Adverse effects of flunitrazepam include dependence, both physical and psychological; reduced sleep quality resulting in somnolence; and overdose, resulting in excessive sedation, impairment of balance and speech, respiratory depression or coma, and possibly death. Because of the latter, flunitrazepam is commonly used in suicide. When used in pregnancy, it might cause hypotonia.
Flunitrazepam as with other benzodiazepine drugs can lead to physical dependence, addiction, and what is known as the benzodiazepine withdrawal syndrome.
Discontinuation may result in the appearance of withdrawal symptoms when the drug is discontinued. Abrupt withdrawal may lead to a severe benzodiazepine withdrawal syndrome characterised by seizures, psychosis, severe insomnia, and severe anxiety. Rebound insomnia, worse than baseline insomnia, typically occur after discontinuation of flunitrazepam even after short-term single nightly dose therapy.

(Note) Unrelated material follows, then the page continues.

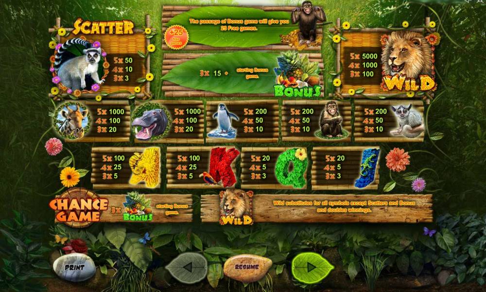 В игре очень мало пользовательских настроек. Можно лишь развернуть окно на весь экран и отключить звук (кнопки в правом верхнем углу). В таблице выплат вкратце рассматриваются все аспекты правил, особые символы, множители комбинаций и схема расположения линий. Вам не нужно скачивать игровой автомат «Счастливые джунгли». Эта модель открывается непосредственно в браузере на сайте интернет-казино.

Flunitrazepam produces a decrease in delta wave activity. The effect of benzodiazepine drugs on delta waves, however, may not be mediated via benzodiazepine receptors. Delta activity is an indicator of depth of sleep within non-REM sleep; increased levels of delta sleep reflects better quality of sleep. Thus, flunitrazepam and other benzodiazepines cause a deterioration in sleep quality. Cyproheptadine may be superior to benzodiazepines in the treatment of insomnia as it enhances sleep quality based on EEG studies. This may lead to somnolence.

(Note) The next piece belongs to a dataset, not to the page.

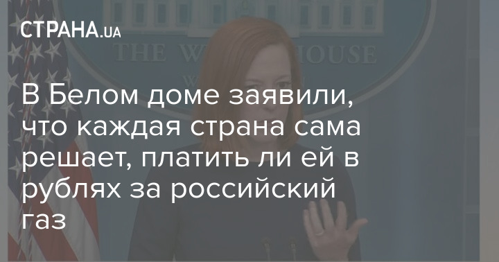 Пресс-секретарь Белого дома Джен Псаки заявила, что решение об оплате в рублях поставок российского газа страны принимают индивидуально. А США уже высказывались против подобного шага.

Flunitrazepam may cause a paradoxical reaction in some individuals causing symptoms including anxiety, aggressiveness, agitation, confusion, disinhibition, loss of impulse control, talkativeness, violent behavior, and even convulsions. Paradoxical adverse effects may even lead to criminal behaviour.
Benzodiazepines such as flunitrazepam are lipophilic and rapidly penetrate membranes and, therefore, rapidly cross over into the placenta with significant uptake of the drug. Use of benzodiazepines including flunitrazepam in late pregnancy, especially high doses, may result in hypotonia, also known as floppy infant syndrome.